Kasatnarkoba Polres Bima Kota

Kasatnarkoba Polres Bima Kota, AKP Malaungi

Kasus yang menjerat Kasatnarkoba Polres Bima Kota, AKP Malaungi masih satu rangkaian dengan kasus Kapolres Bima Kota AKBP Didik.

Dalam perkara ini, Malaungi dijatuhkan sanksi pemberhentian tidak dengan hormat atau pemecatan.

Kholid menerangkan, sanksi itu berdasarkan atas putusan sidang Majelis Etik Polri yang berlangsung hari ini di Mapolda NTB.

"Yang bersangkutan (AKP Malaungi) sudah disidang kode etik dan di-PTDH," katanya. Dikutip dari Antara, Selasa (10/2/2026).

Sidang etik Polri tersebut digelar berdasarkan hasil penyidikan Direktorat Reserse Narkoba Polda NTB yang menetapkan AKP Malaungi sebagai tersangka kasus peredaran narkoba jenis sabu-sabu.

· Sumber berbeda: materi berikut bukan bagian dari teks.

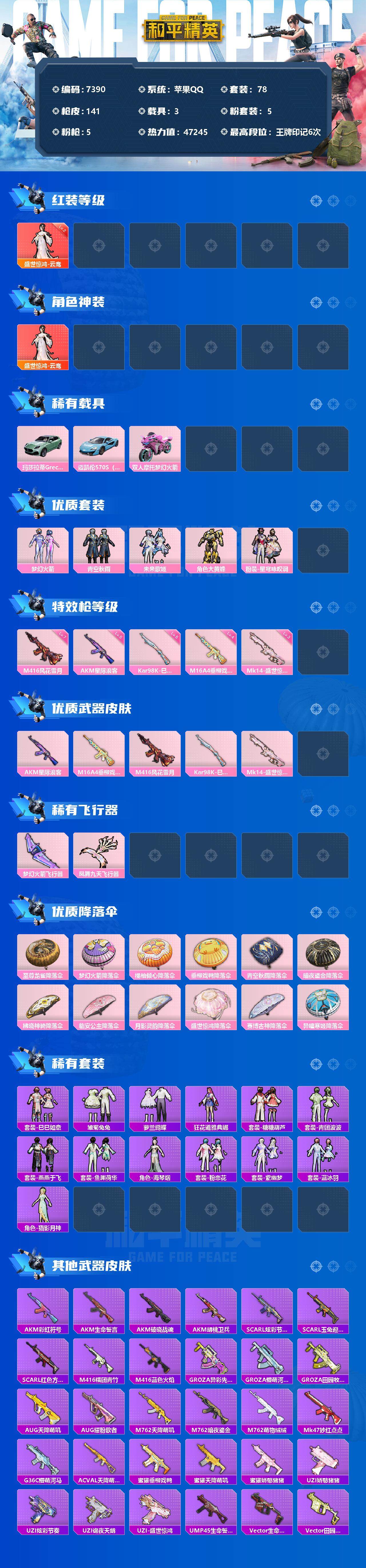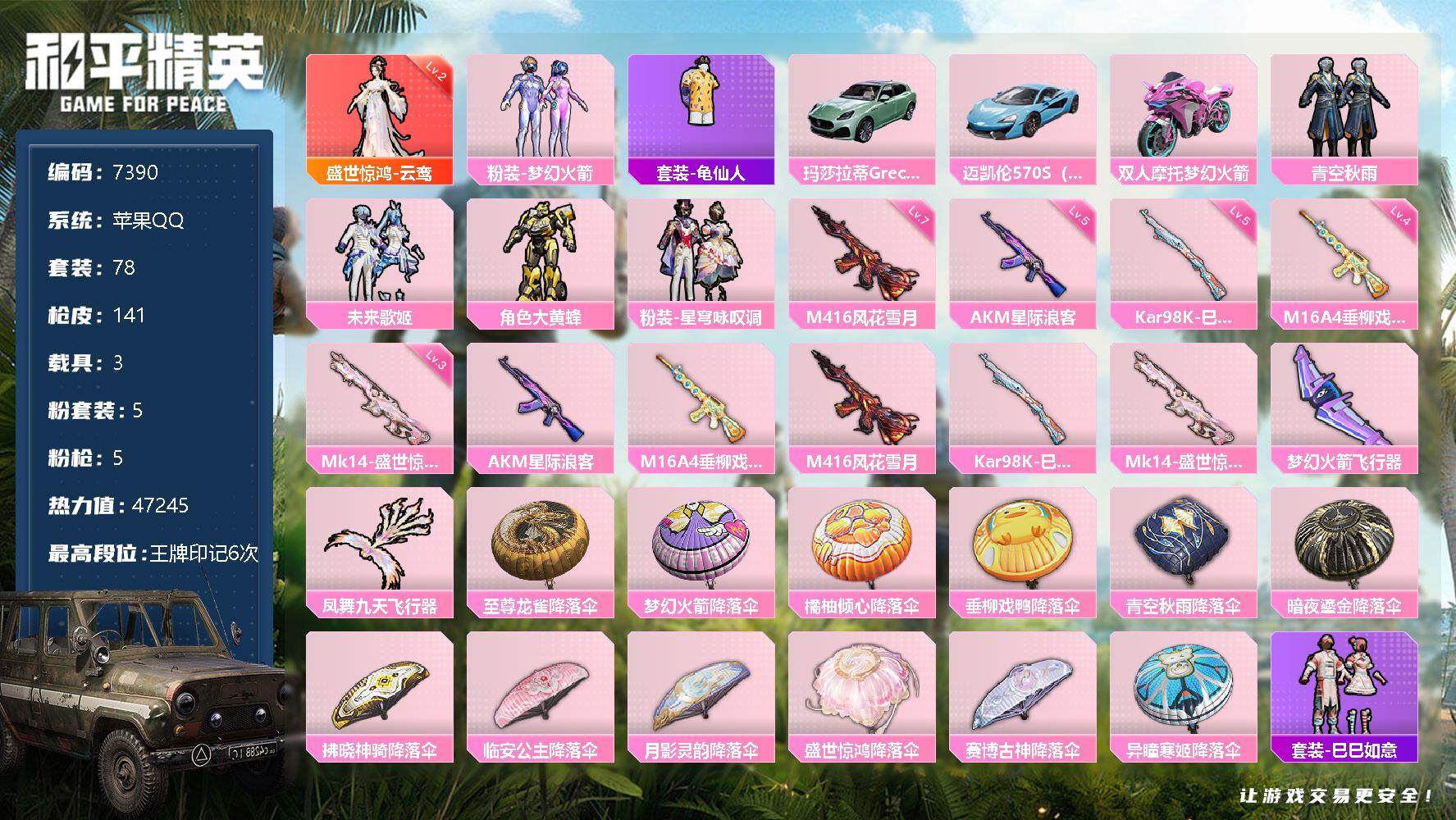 和平精英【苹果QQ】【7390】5粉装-5特效枪-3载具-47245热力值-6印记-78套装-14

Penyidik pada Direktorat Reserse Narkoba Polda NTB menetapkan AKP Malaungi sebagai tersangka dengan menerapkan Pasal 114 ayat (2) juncto Pasal 132 ayat (1) Undang-Undang Nomor 35 Tahun 2009 tentang Narkotika jo. Undang-Undang Nomor 1 Tahun 2023 tentang KUHP jo. Undang-Undang Nomor 1 Tahun 2026 tentang Penyesuaian Pidana, atau Pasal 609 ayat (2) huruf a Undang-Undang Nomor 1 Tahun 2023 tentang KUHP jo Undang-Undang Nomor 1 Tahun 2026 tentang Penyesuaian Pidana.

Dari rangkaian penyidikan, AKP Malaungi menguasai sabu-sabu dengan berat bersih 488 gram. Barang bukti diamankan saat penggeledahan rumah dinas AKP Malaungi di kompleks asrama Polres Bima Kota.

Keberadaan barang bukti tersebut merupakan tindak lanjut dari pengakuan AKP Malaungi usai menjalani tes urine dengan hasil positif amphetamine, kandungan dari ekstasi maupun MDMA dan methamphetamine yang merupakan kandungan dari sabu-sabu.

Kholid menjelaskan peran AKP Malaungi. Pertama kali terungkap dari hasil pemeriksaan Bripka Karol yang tertangkap bersama istri dan dua rekannya dengan barang bukti puluhan gram sabu dan uang tunai puluhan juta diduga hasil transaksi.

Atas pemberian sanksi PTDH dalam status tersangka di kasus peredaran narkoba, Polda NTB melakukan penahanan terhadap AKP Malaungi di ruang penempatan khusus Bidang Propam Polda NTB.

"Yang bersangkutan sekarang sudah ditahan," ujarnya.